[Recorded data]
• • • • •

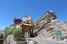 Thikse Monastery is the largest such structure in central Ladakh.[14] Located on a hill slope, its building are arranged in an ascending order of importance and are well spaced, from the foot of the hill housing the dwelling units to the top of the hill enshrining the monasteries and potang (official residence) of the chief lama.[14] The architecture of the monastery strongly resembles the Potala Palace in Lhasa, Tibet, the former official seat of the Dalai Lamas.[15] Thus, Thikse Monastery is also known as 'Mini Potala'.[2] The motorable approach road[16] from the valley passes through the east side of the Thikse Monastery's main building. There is statue of the Tibetan protective deity on this path at the entrance at the lower level. The highest level of the complex has a stupa (chorten).[10]
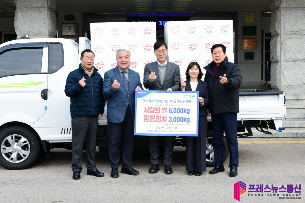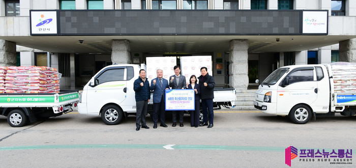 [프레스뉴스] 장현준 기자= 안산시(시장 이민근)는 지난 19일 NH농협안산시지부(지부장 강정미)와 지역농협조합군자농협(조합장 조인선), 반월농협(조합장 최기호), 안산농협(조합장 박경식)으로 부터 연말을 맞아 사랑의 쌀 600포(포대 당 10kg), 김치 600박스(박스 당 5kg), 식료품세트 200개(4천600만원 상당)를 기탁 받았다고 20일 밝혔다.
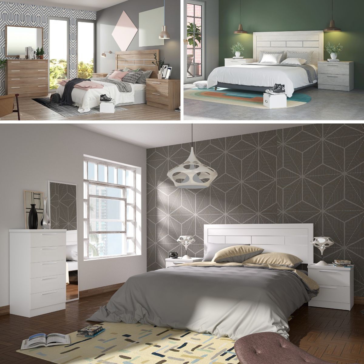 Dormitorio completo Lisboa con cabecero, 2 mesitas, sinfonier y espejo Dormitorio completo Lisboa con cabecero, 2 mesitas, sinfonier y espejo Dormitorio completo Lisboa con cabecero, 2 mesitas, sinfonier y espejo
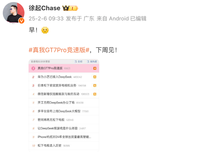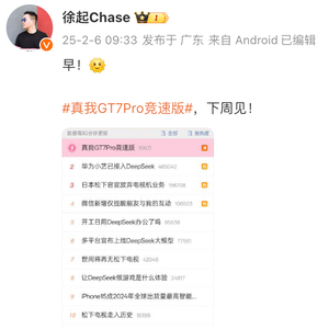 如上图所见,真我realme副总裁、全球营销总裁、中国区总裁徐起宣布真我GT7 Pro竞速版下周见。
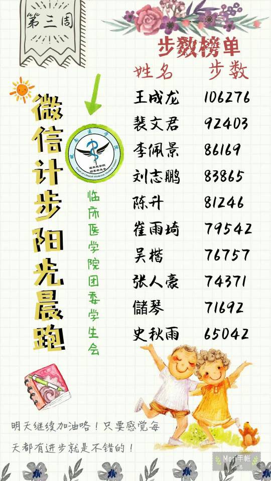 运动青春展风采,感悟核心价值观。为帮助同学们培养良好的作息习惯,强化锻炼意识,提高身体素质;并通过官方微信互动方式,在员工中进一步加强社会主义核心价值观的宣传普及,suncitygroup太阳新城团委联合老员工手机运用价值及引导工作室于10月23日至11月19日举办为期四周的“2017皖医阳光晨跑活动”。
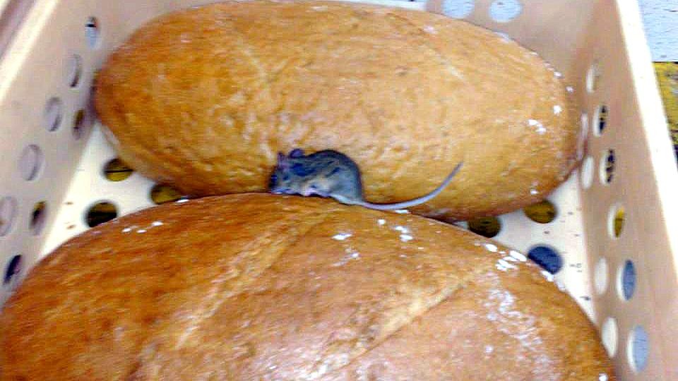 Poriadny šok zažila mladá mamička pri nákupe v jednom hypermarkete v Šali. V prepravke, v ktorej bol uložený chlieb, sedela živá myš. Žena si duchaprítomne hlodavca vyfotila.
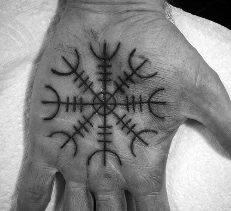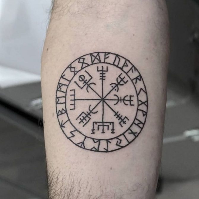 Wichtig! Denken Sie daran, eine Tätowierung darf keine Dissonanzen und Widersprüche zwischen ihrer Bedeutung und Ihrem Charakter schaffen. Skandinavische Motive sind nur in Gegenwart von Stärke, Tapferkeit, Männlichkeit und Brutalität angebracht.
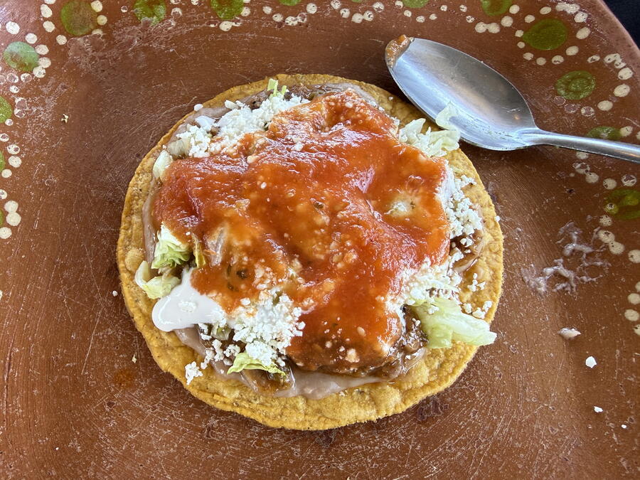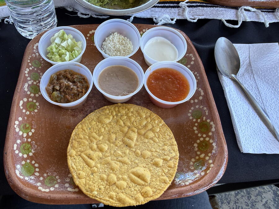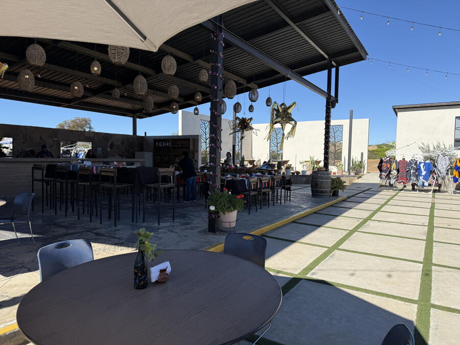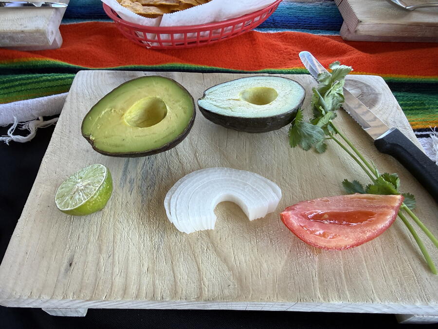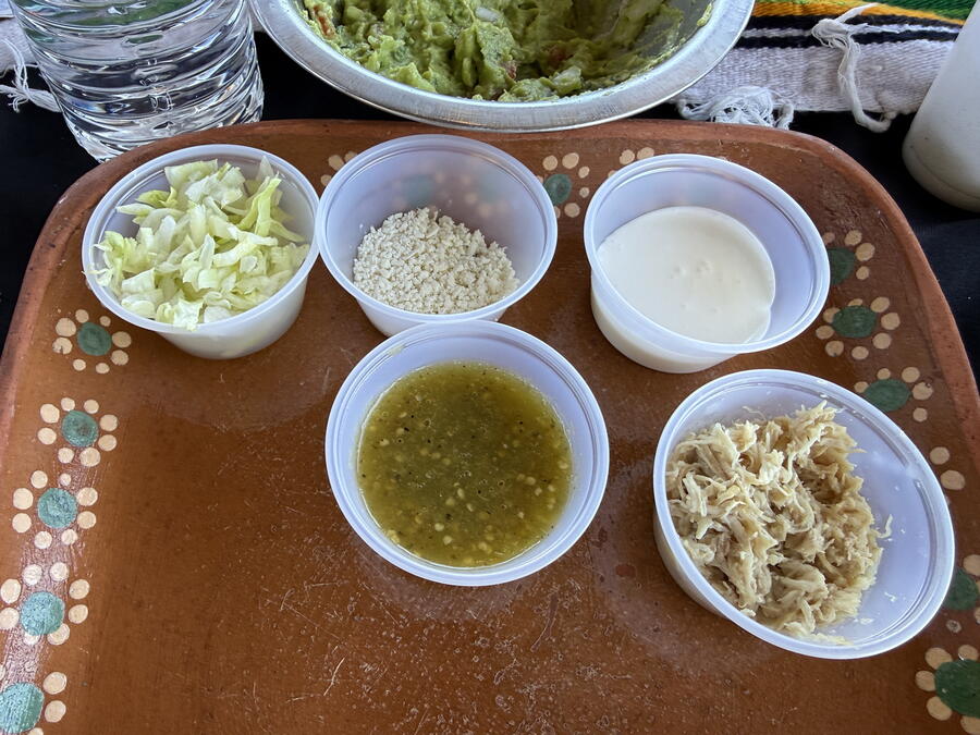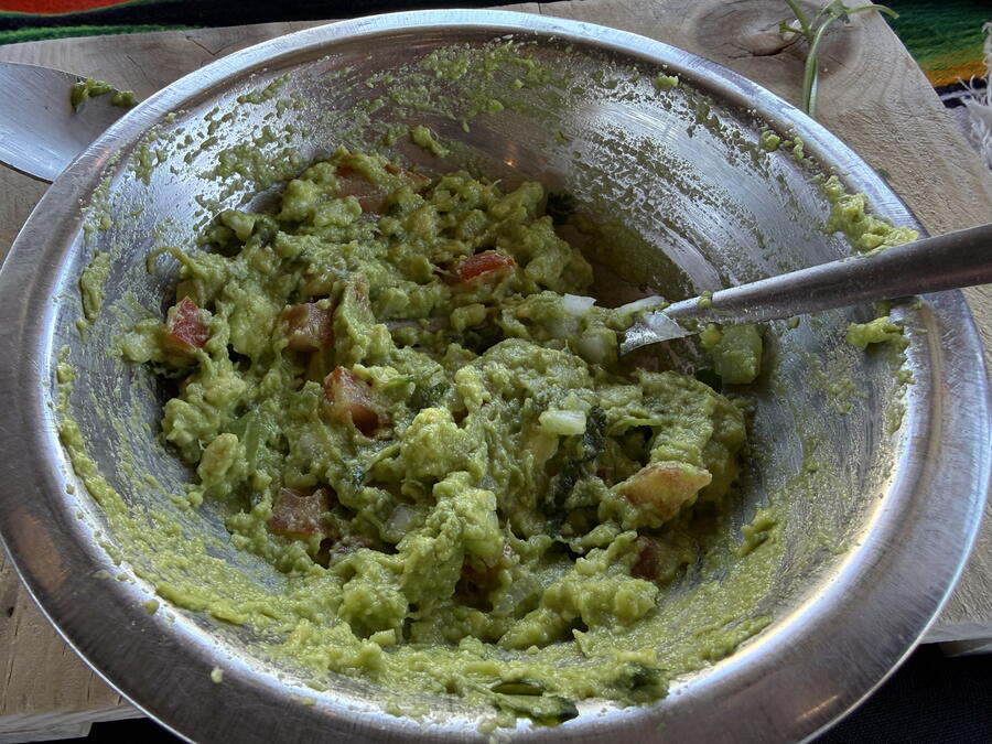 We took a short drive through the center of town before heading out to the Valle de Guadalupe and a private estate that’s used for parties and events. Several vendors sold the usual Mexican knickknacks like ceramic figures and jewelry but one finger-painted some impressive works. Sitting down at long tables with small boards for cutting and prepared ingredients, we started with making some guacamole while snacking on chips and salsa. The servers brought frozen margaritas to drink, and we could have as much as we wanted. Unfortunately (or fortunately), they didn’t have much tequila in them, which is probably by design.

• • • • •

**To do:**
A faithful, word-for-word version of the records above is needed, with no images in it.

**Worked solution:**
 Thikse Monastery is the largest such structure in central Ladakh.[14] Located on a hill slope, its building are arranged in an ascending order of importance and are well spaced, from the foot of the hill housing the dwelling units to the top of the hill enshrining the monasteries and potang (official residence) of the chief lama.[14] The architecture of the monastery strongly resembles the Potala Palace in Lhasa, Tibet, the former official seat of the Dalai Lamas.[15] Thus, Thikse Monastery is also known as 'Mini Potala'.[2] The motorable approach road[16] from the valley passes through the east side of the Thikse Monastery's main building. There is statue of the Tibetan protective deity on this path at the entrance at the lower level. The highest level of the complex has a stupa (chorten).[10]
 [프레스뉴스] 장현준 기자= 안산시(시장 이민근)는 지난 19일 NH농협안산시지부(지부장 강정미)와 지역농협조합군자농협(조합장 조인선), 반월농협(조합장 최기호), 안산농협(조합장 박경식)으로 부터 연말을 맞아 사랑의 쌀 600포(포대 당 10kg), 김치 600박스(박스 당 5kg), 식료품세트 200개(4천600만원 상당)를 기탁 받았다고 20일 밝혔다.
 Dormitorio completo Lisboa con cabecero, 2 mesitas, sinfonier y espejo Dormitorio completo Lisboa con cabecero, 2 mesitas, sinfonier y espejo Dormitorio completo Lisboa con cabecero, 2 mesitas, sinfonier y espejo
 如上图所见,真我realme副总裁、全球营销总裁、中国区总裁徐起宣布真我GT7 Pro竞速版下周见。
 运动青春展风采,感悟核心价值观。为帮助同学们培养良好的作息习惯,强化锻炼意识,提高身体素质;并通过官方微信互动方式,在员工中进一步加强社会主义核心价值观的宣传普及,suncitygroup太阳新城团委联合老员工手机运用价值及引导工作室于10月23日至11月19日举办为期四周的“2017皖医阳光晨跑活动”。
 Poriadny šok zažila mladá mamička pri nákupe v jednom hypermarkete v Šali. V prepravke, v ktorej bol uložený chlieb, sedela živá myš. Žena si duchaprítomne hlodavca vyfotila.
 Wichtig! Denken Sie daran, eine Tätowierung darf keine Dissonanzen und Widersprüche zwischen ihrer Bedeutung und Ihrem Charakter schaffen. Skandinavische Motive sind nur in Gegenwart von Stärke, Tapferkeit, Männlichkeit und Brutalität angebracht.
 We took a short drive through the center of town before heading out to the Valle de Guadalupe and a private estate that’s used for parties and events. Several vendors sold the usual Mexican knickknacks like ceramic figures and jewelry but one finger-painted some impressive works. Sitting down at long tables with small boards for cutting and prepared ingredients, we started with making some guacamole while snacking on chips and salsa. The servers brought frozen margaritas to drink, and we could have as much as we wanted. Unfortunately (or fortunately), they didn’t have much tequila in them, which is probably by design.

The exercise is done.